LONDON'S HAVRILL Press, which publishes excellent translations of masterpieces in some of Europe's "smallest" languages (Danish, Serbian, Hungarian) has probably surpassed itself with the publication of Bernardo Atxaga's 1994 novel, The Lone Man. Written in Euskera--the mother tongue of the Basque nation and one of the continent's oldest languages--this police thriller about Basque terrorism is probably the only such book to hit the English-speaking market in quite a while. The Lone Man is also, however, a dreadfully tedious read.

It is with some regret that I pass this judgment; Basques are nothing to scoff at, and the paramilitary activities of ETA, the Basque country's equivalent of the IRA, have forever lived in the shadows of the Ulster troubles. But Atxaga has woven a story so inert, so long, and so short on suspense that The Lone Man reads like an exercise in accurate record-keeping.

The outline of this novel is plausible enough. The year is 1982. Barcelona is hosting the World Cup and most of ETA's members have quietly left the organization to resume normal lives in the wake of Spain's newly established democracy. One of those former terrorists is Carlos, who, along with several other former comrades, is running a hotel not far from Barcelona. Carlos spends much of his time kneading dough in the hotel's bakery, his head filled with the seductive voices of his paramilitary past.

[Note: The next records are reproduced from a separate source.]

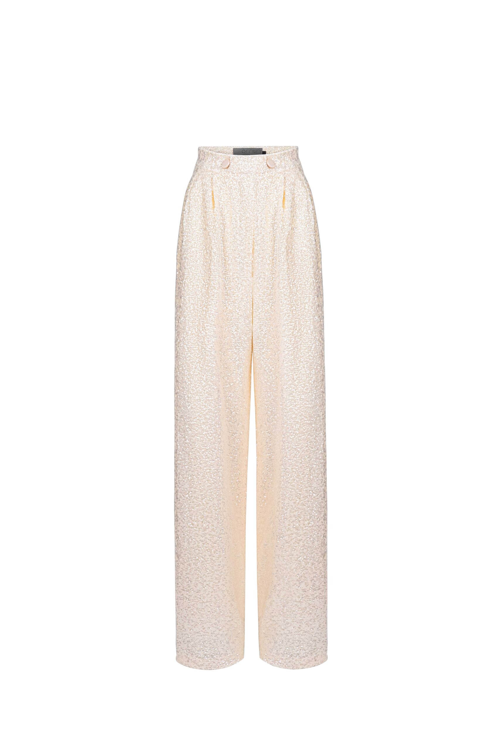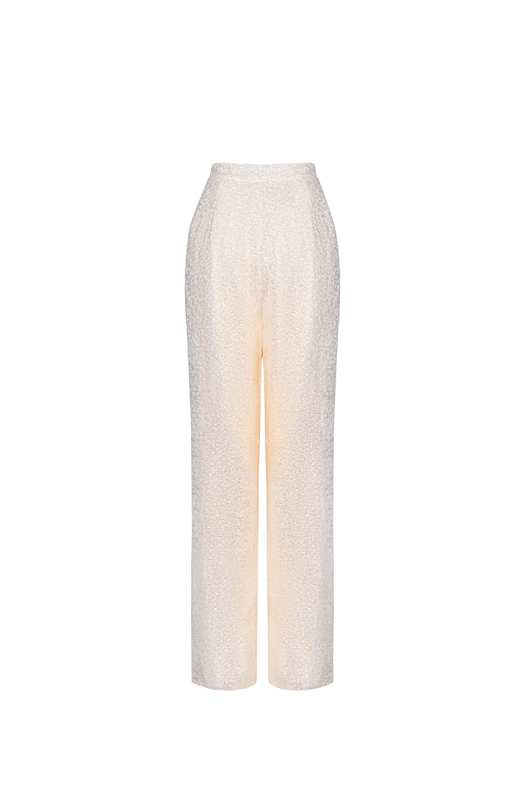 Straight-leg sequined lace pants with an elongated silhouette.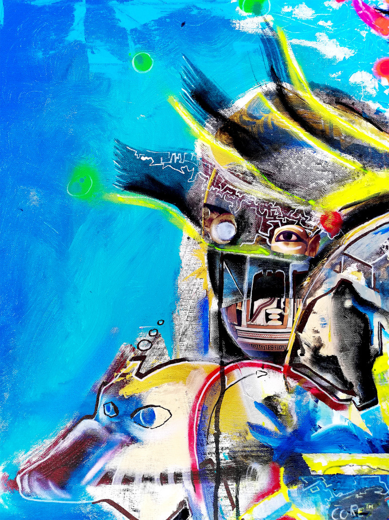 "Space Cadet" marks the beginning of my journey as an artist—a dive into the unknown, emerging as a cadet navigating the chaotic morgue of the urban landscape. This piece represents my first sold painting, a milestone where art became both my compass and shield. Just one week after unveiling it to the world, it found its new home, a testament to the resonance of its message. Free from the constraints of guilds or rigid structures, it embodies the boundless exploration of creativity, where space and time float beyond the studio walls. Art, here, is a universal aegis—a protective force and a guiding light, transcending limits and grounding me in the infinite possibilities of expression."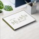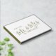 Minimalistischer, moderner Mr. & Mrs. Goldfolie-Text und ein kleines Herz auf dem weißen Gästebuch für Hochzeiten und Jubiläumsveranstaltungen. Personalisieren Sie mit Ihren eigenen Namen Nachrichten oder Ereignisse. Weitere passende Artikel sind verfügbar. Design: www.mylittleedenweddings.com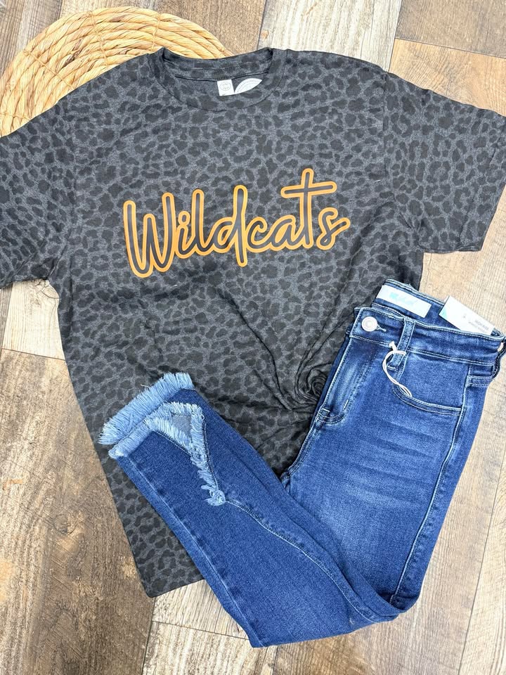 Custom Outlined Cheetah Cursive Tee/Sweatshirt/Hoodie (You Choose School/Mascot!)
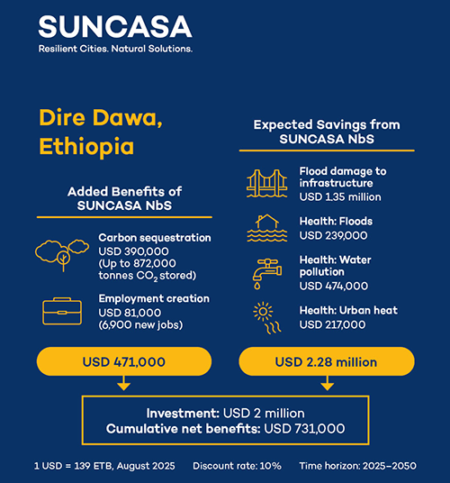 The SAVi assessment of the SUNCASA interventions in Dire Dawa shows that investing in NbS brings strong social, environmental, and economic returns.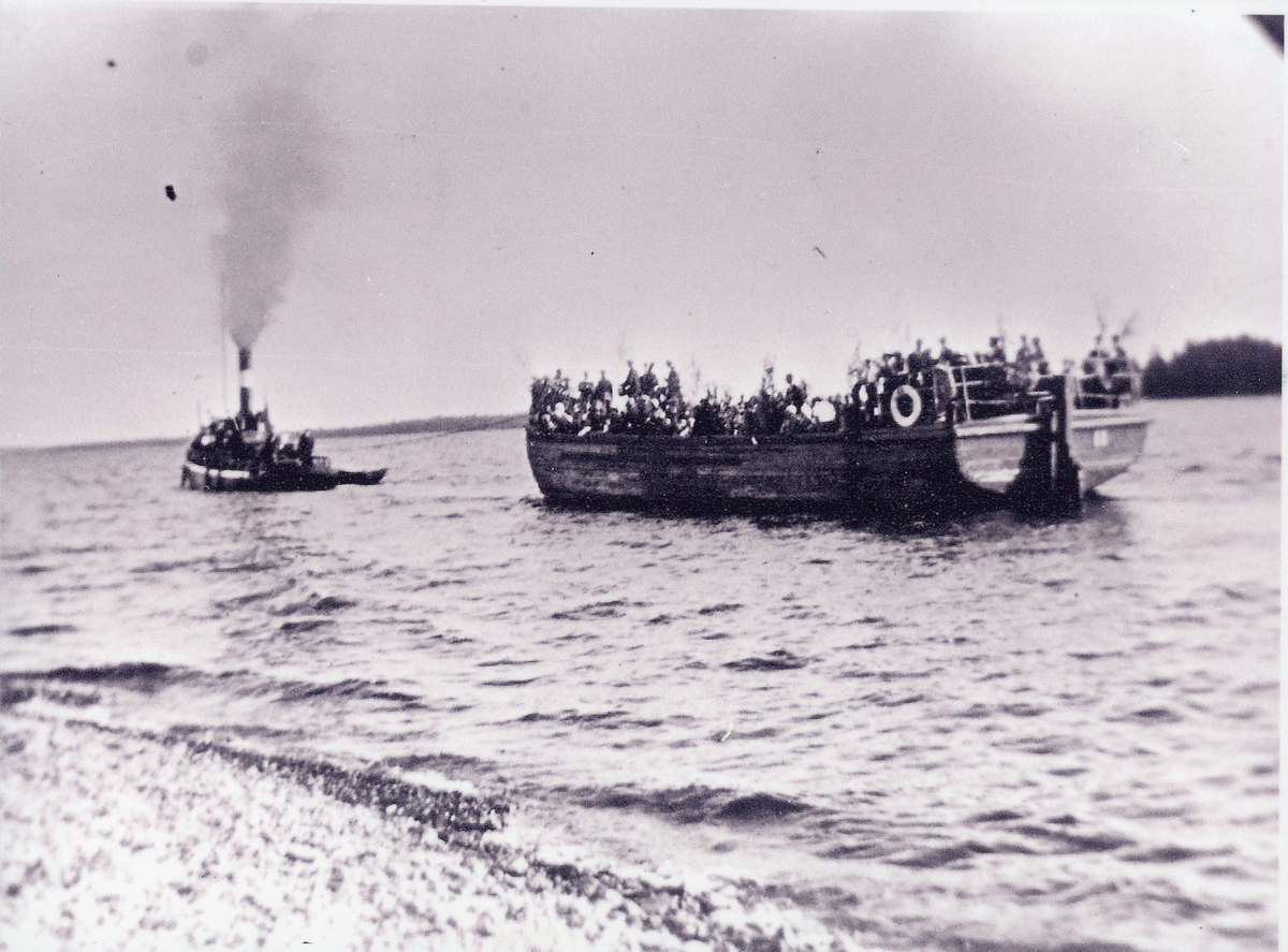 Efter utflykt med lövad pråm till Limön, bogsering med båten "Alert" tillbaka till Kastet, 1920-tal.
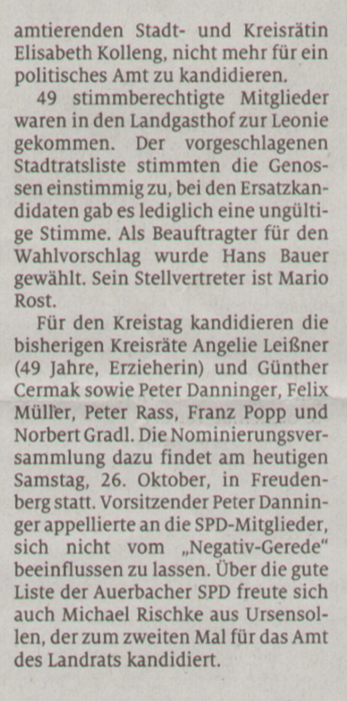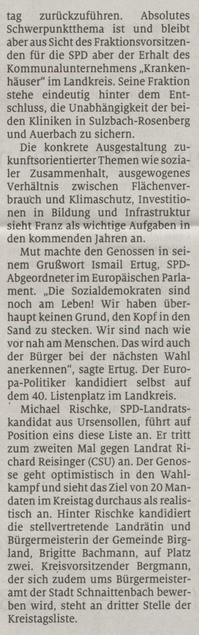 Die Delegiertenkonferenz des SPD Kreisverbandes Amberg-Sulzbach hat heute den Ursensollener Ortsvorsitzenden und Kreisrat Michael Rischke einstimmig zum Kandidaten für das Amt des Landrates des Landkreises Amberg-Sulzbach gewählt!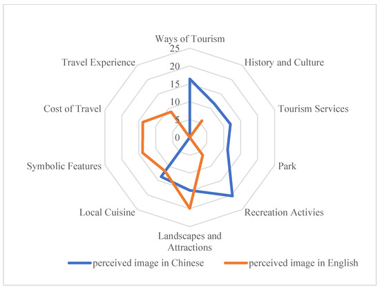The topics associated with the Chinese projected and perceived images, acquired through LDA topic modeling (Table 2 and Table 3), were subjected to comparison with the attributes obtained through manual coding in previous studies (Table 1), in order to refine the general attributes of this study. The refined attributes are presented in the rightmost column of Table 2 and Table 3. The results demonstrate that the attribute of “tourism development” emerged among the attributes of the projected image, which was not identified in prior studies. To provide a more comprehensive comparison of topic attention between the Chinese projected image and Chinese tourists’ perceived image, we have constructed a radar chart in Figure 3. This chart represents the proportion of each topic, enabling a visual assessment of the relative importance of different topics within each dataset.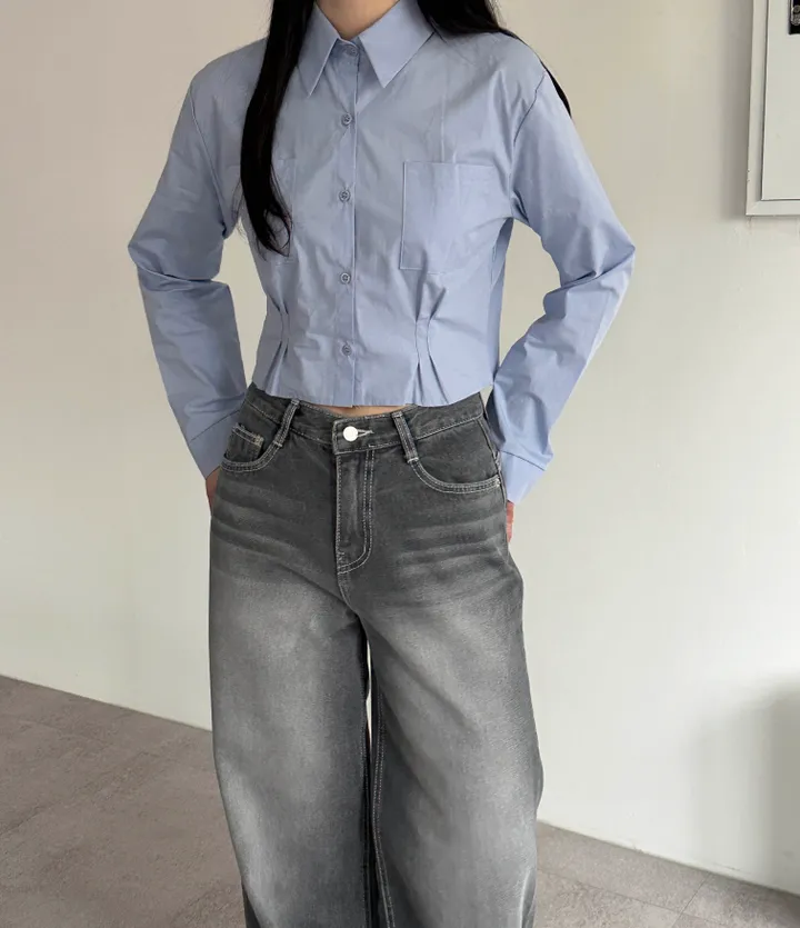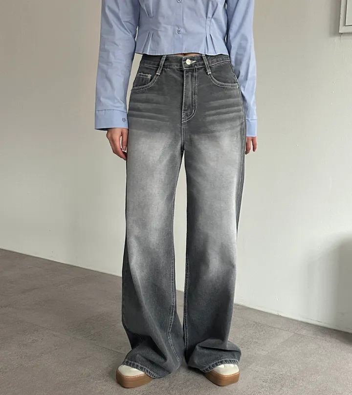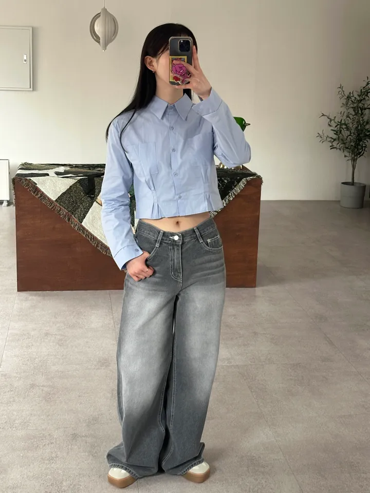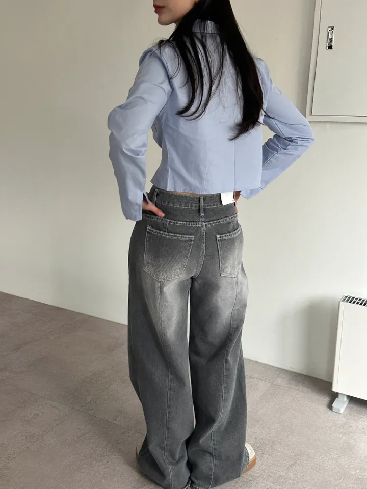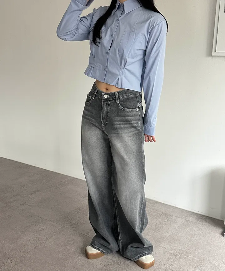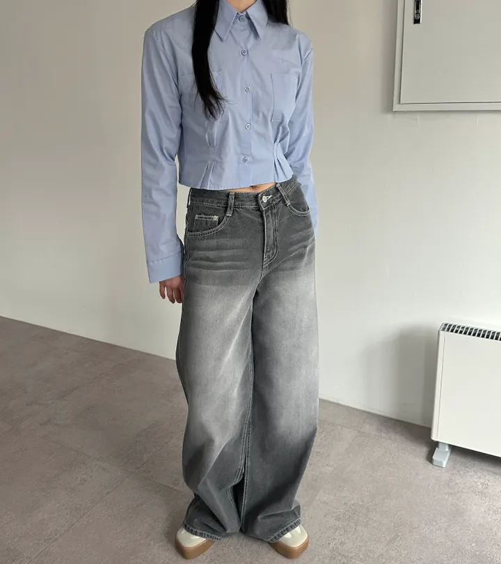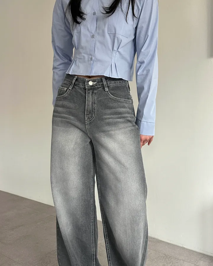 ウォッシュグレーデニムワイドロングパンツ[1color]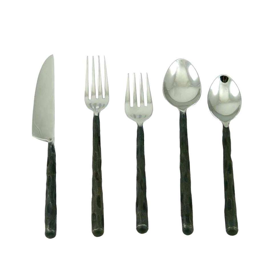 Modern American Style Premium Stainless Steel Brass Shiny Gold 5 Pcs Cutlery Set with Square Handles for Hotel and Restaurant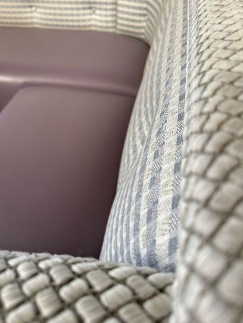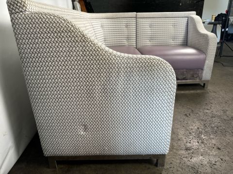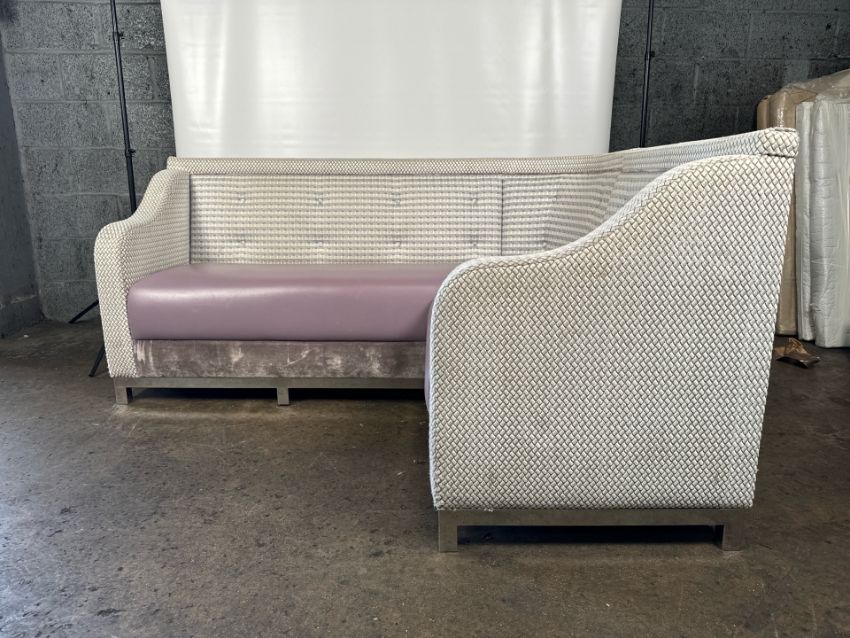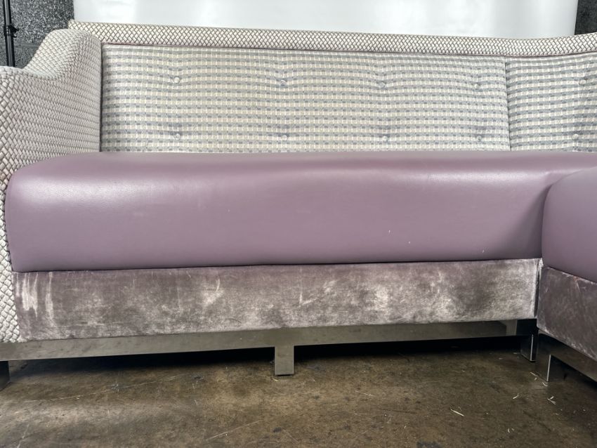 Ben Whistler Banquette Sofa Commissioned by Robert Angell Designed for The BerkeleyThe banquette has been upholstered in a combination of three different fabricsCan be seen pictured in The Collins Room at The Berkeley for illustrative purposes only Approximate Dimensions: Height - 85cm Width - 150cm Depth - 145cm Location - Unit 11 Ref - 59

The hidden basement below the bakery, which Carlos sometimes uses for discreet sexual encounters, is now occupied by Jon and Jone, two members of the hard-line ETA faction on the run from the Barcelona police. Though Carlos's present loyalty to ETA amounts to little more than a vague nostalgia, he has taken the terrorists in anyway, endangering the reputation of the hotel and of his partners. As the anti-terrorist police move closer to target, Carlos hatches an elaborate plan to get the ETA hard-liners out of the hotel basement and into a safe house somewhere in the Basque country.

Condensed into a couple of paragraphs, Atxaga's story has the basic structure of superior thriller, but stretch it over 320 densely written pages, and it's thinner than a film of soap. Havrill Press and The Lone Man may be well served by a film adaptation--or a separate line of Cliffs Notes.